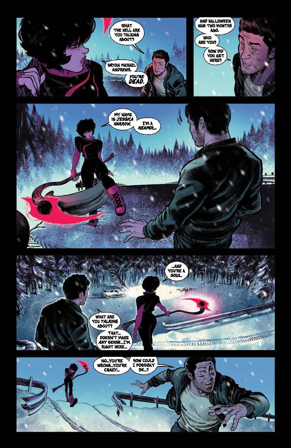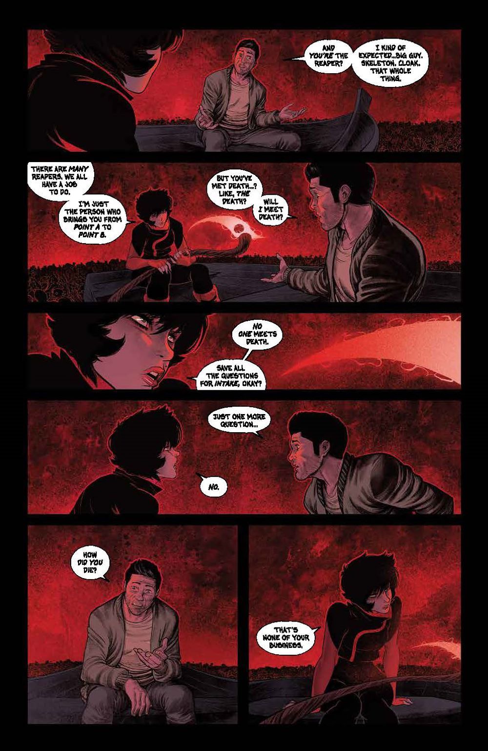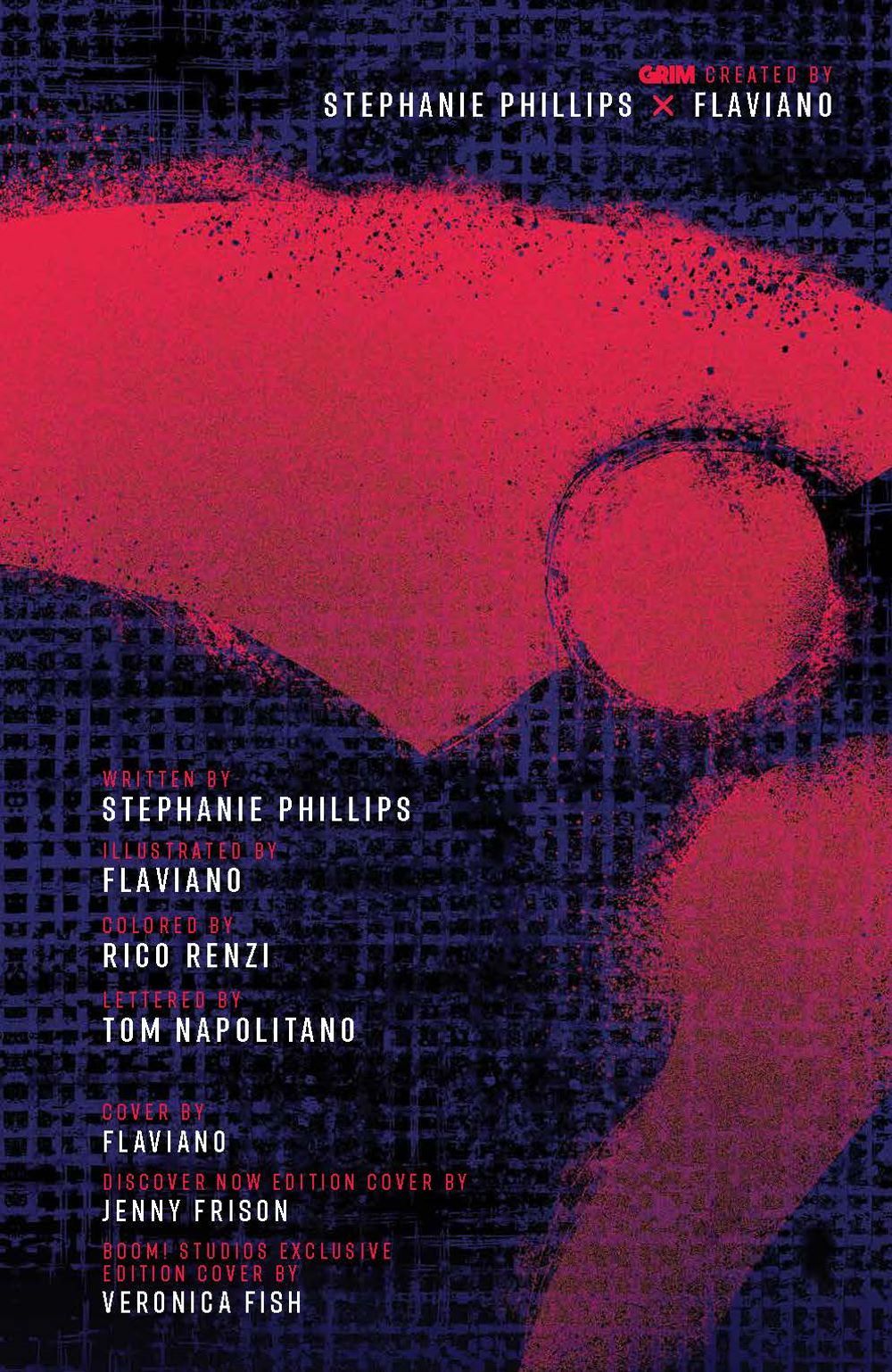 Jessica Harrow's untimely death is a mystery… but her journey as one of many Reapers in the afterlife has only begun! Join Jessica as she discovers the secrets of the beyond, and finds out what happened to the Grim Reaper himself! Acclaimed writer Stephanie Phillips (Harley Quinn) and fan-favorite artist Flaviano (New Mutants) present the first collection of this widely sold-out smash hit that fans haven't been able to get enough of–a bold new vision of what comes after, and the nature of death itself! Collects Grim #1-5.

...

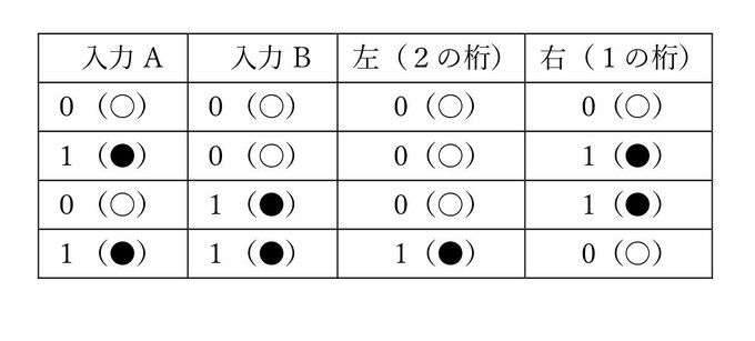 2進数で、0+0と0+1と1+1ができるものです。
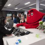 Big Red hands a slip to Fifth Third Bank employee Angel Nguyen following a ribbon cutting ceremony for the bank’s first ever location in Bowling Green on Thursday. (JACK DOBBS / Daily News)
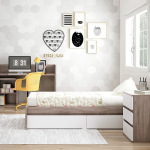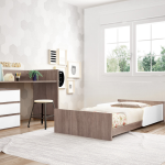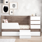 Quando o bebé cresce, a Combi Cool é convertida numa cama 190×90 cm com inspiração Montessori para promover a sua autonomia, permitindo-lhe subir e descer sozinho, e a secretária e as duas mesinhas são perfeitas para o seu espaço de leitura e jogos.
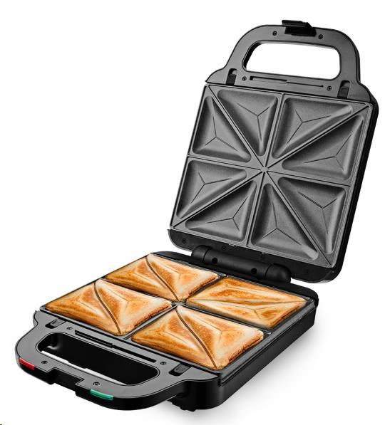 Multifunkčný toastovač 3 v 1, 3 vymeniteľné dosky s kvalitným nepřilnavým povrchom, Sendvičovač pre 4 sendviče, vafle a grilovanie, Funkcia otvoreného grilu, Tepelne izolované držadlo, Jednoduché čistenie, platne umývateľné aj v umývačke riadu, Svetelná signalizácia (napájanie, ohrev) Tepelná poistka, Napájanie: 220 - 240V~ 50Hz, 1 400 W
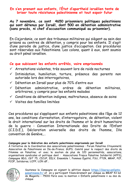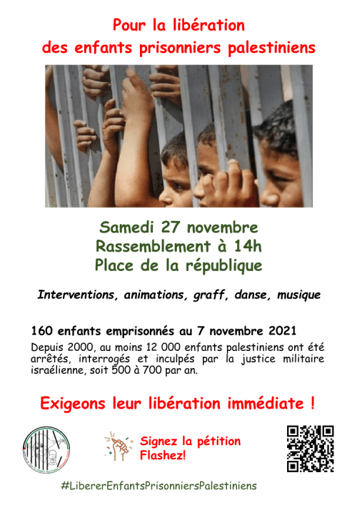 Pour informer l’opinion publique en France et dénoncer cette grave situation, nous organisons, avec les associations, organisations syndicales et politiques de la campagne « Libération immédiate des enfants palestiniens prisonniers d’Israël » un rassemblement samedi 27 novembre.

● EXERCISE REQUIREMENTS:
Everything from the line with "Multifunkčný toastovač 3" down to the line with "Pour informer l’opinion" in the data above should be copied exactly, with both end lines kept and the pictures left out.

● ANSWER TO THE PROBLEM:
 Multifunkčný toastovač 3 v 1, 3 vymeniteľné dosky s kvalitným nepřilnavým povrchom, Sendvičovač pre 4 sendviče, vafle a grilovanie, Funkcia otvoreného grilu, Tepelne izolované držadlo, Jednoduché čistenie, platne umývateľné aj v umývačke riadu, Svetelná signalizácia (napájanie, ohrev) Tepelná poistka, Napájanie: 220 - 240V~ 50Hz, 1 400 W
 Pour informer l’opinion publique en France et dénoncer cette grave situation, nous organisons, avec les associations, organisations syndicales et politiques de la campagne « Libération immédiate des enfants palestiniens prisonniers d’Israël » un rassemblement samedi 27 novembre.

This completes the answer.